鍵穴から見えるのは、斜め横を向いた男の、優雅なカーブを描いた顎のラインの辺りまでだった。どんな表情をしているのかは、わからなかった。デスクの前に腰かけた男は、その白い手を弾丸から離し、代わりに、卓上の銃をやんわりと捕らえた。
弾倉は抜いてあり、安全装置はかけられていた。だが、彼女はひどく息を呑んだ。男がそのまま、その銃を己のこめかみに押し当てて、引き金を引くのではないかという、おかしな不安感が彼女をそうさせた。
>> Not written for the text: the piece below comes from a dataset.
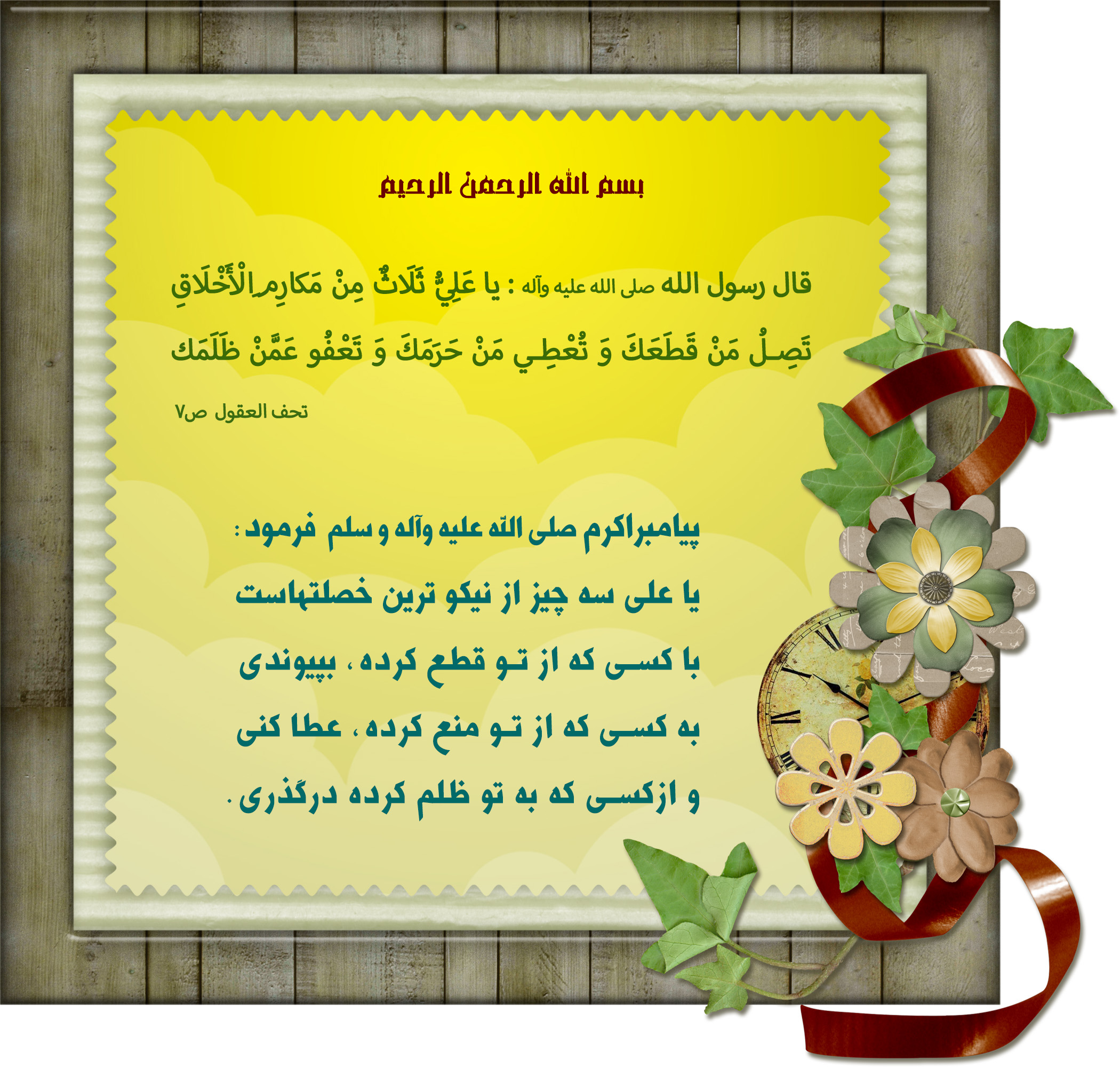 یاعلی اخلاق خود را دربرخورد با خانواده ، همسایگان و آنان که با ایشان رفت و آمد و گفتگو داری نیکو گردان تا نزد خدا به درجات عالی دست یابی.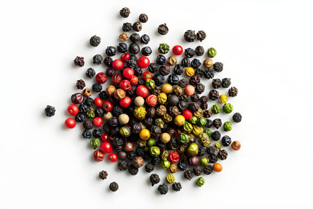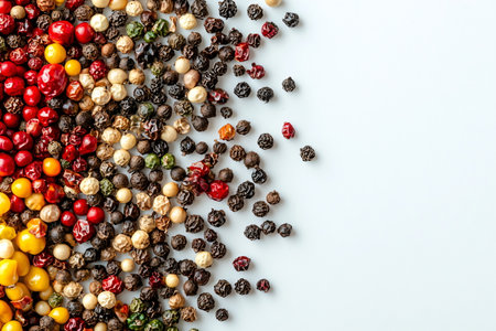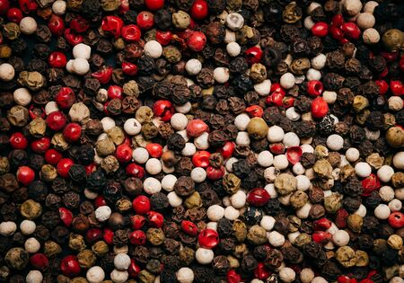 A mixture of different peppercorns white, black, red and green peppers spices.

銃身を左手で包み込み、そうして右手がゆっくりと、神父が親指で起こした撃鉄を人差し指で撫でた。中指は繰り返し愛撫するように、神父が眼にも留まらぬ速さで引いた引き金のラインを辿った。
……そして拳銃と呼ぶにはあまりに巨大なそれを、支える血塗れのグリップにゆっくりと、鍵穴の向こうで薄い唇が近づいた。


「ユーグ!」


自分でも、尖って歪んだ声だった。叫びながらドアを開けた自分に、何ひとつ驚くことはなく、ゆっくりと銃を机に置いて男は静かに振り返った。
「どうした、ヴァリア?」
「……」
何を言えばいいのだろう。この綺麗な翠の宝石。彼女の請いに、彼女の恋いに、黙って傍らにいることを選んだこの、得がたい、だが、彼女のものには決してなろうとせぬ男に。
「……おやすみの、」
これ以上少しでも声が震えたら、このまま泣き出してしまうだろう。そう自分自身で予感して、必死に唇の震えを抑え、彼女は平静な声を作る。
「おやすみの挨拶に来たのよ、ユーグ」
「そうか……」
穏やかな声でただ同意して、立ち上がり、男はドアノブを握りしめたまま立ちすくむ彼女に音もなく歩み寄る。
そして、
「おやすみ、ヴァリア」
グリップに与えるはずだった唇を、彼女の冷たく汗をかいた額にそっと、与えてユーグは変わらぬ優しい、……何もかもを押し殺してしまった者の、あの眼差しで彼女を凍らせ、そして、部屋の外へと押し出させた。


「……私を、」
ひとりきりの部屋に戻り、彼女はひび割れた声を押し出した。
「私を、選んだのよ、あの人は」
言葉を叩きつける相手は、自分自身だったのか、それとも、
……間違いなく、銃を故意に置き去ったあの神父だったのか。
「私の元に、残ってくれたの。教皇庁じゃなく、私と一緒に戦ってくれるのよ」
頬を無様な涙が伝う。
しゃくりあげながら、彼女は壁に、自分に、あの神父に、たったひとつの拠り所を呻き続けた。